1 Introduction

In recent years 3D technology has become publicly more and more accepted and by now almost every new TV-set is capable of 3D presentation. Research in stereoscopic virtual reality [1], video games [2, 3], and 3D-cinema [4] became more popular as well. On the other hand, not all users can enjoy the stereoscopic media: Some users are stereoblind, other users have healthy vision, but suffer from unacceptable side-effects such as nausea and headaches as part of motion- or cybersickness [2]. In this paper, we focus on users who suffer from stereoblindness. Reasons for not being able to process binocular depth information may stem from the loss of vision in one eye or medical disorder that prevent the eyes from processing binocular depth cues correctly (e.g. amblyopia, optic nerve hypoplasia, strabismus). While this group of users is still capable of perceiving monocular depth cues (e.g. relative size, motion parallax, accommodation, occlusion), they are incapable of directly perceiving an object’s distance through eye convergence.

With reported numbers of the stereoblind population ranging from 2 to 12 percent [5, 6], this can have two serious effects on studies on stereoscopic media: First, stereoblind participants represent a strong bias in a study’s sample.

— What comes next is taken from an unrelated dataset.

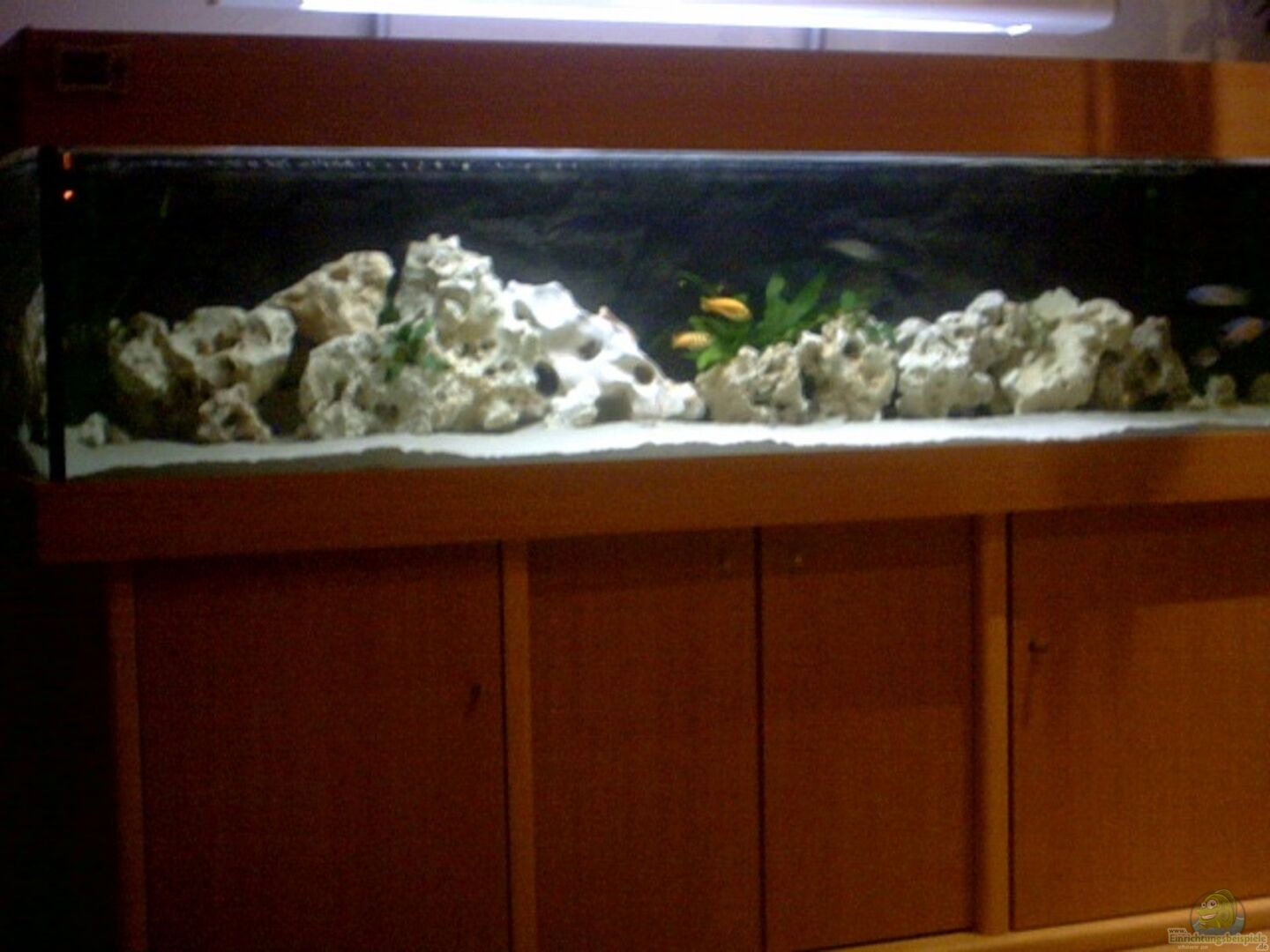 Das Becken steht auf einem vom Tischler angefertigtem Schrank, der aus drei verschiedenen Küchenarbeitsplatten angefertigt wurde.Eine Kiesblende rundet den besonderen Blickfang ab.Ebenso wie die Lampe alles Marke Eigenbau.Ebenso die Blende an der Abdeckung, um das Herausspringen der Fische zu vermeiden so wie unnötigen Wärmeverlust ist es mit Glasplatten abgedeckt.Das Becken ist aus 12mm Glas.

When stereoscopic 3D is manipulated in an experiment, they are unaffected by the manipulation, and whenever stereoscopic 3D is enabled in a virtual environment, they might be outperformed by the other participants due to a lack of spatial information. Second, using stereoscopic 3D can have benefits for user experience (UX). Thus, stereoblind participants might provide different UX ratings compared to participants with healthy vision. Most notably, participants may not be fully aware that their stereoscopic vision is impaired. Consequently, it is important to assess participants’ ability to perceive stereoscopic images as part of a study. While there are many clinical tests for stereoblindness (e.g. cover tests, bagolini lenses, worth’s four dots, measurement of accommodation and near point of convergence, etc.), they often require special equipment and a trained investigator to derive correct conclusions [7].

Additionally, while clinical tests assess general stereo vision for depth perception, stereoscopic media do not provide visual stimuli with real visual depth. Instead, the illusion of depth is created by introducing disparity between the images for both eyes on a fixed distance. Thus, the user has to adapt to the necessary convergence, while keeping accommodation constantly at the display. This is different from real depth perception, for which convergence and accommodation are highly correlated. Thus, to assess the ability to process depth cues in 3D media, the instrument should focus on the stereoscopic technology and its specific characteristics in addition to real stereo vision. Furthermore, from a methodological standpoint, assessing stereo vision within the same medium (i.e. display) that is used in a given study increases internal validity. Thus, our goal was to develop an easy-to-use test for stereoblindness that could be used with a wide range of stereoscopic displays.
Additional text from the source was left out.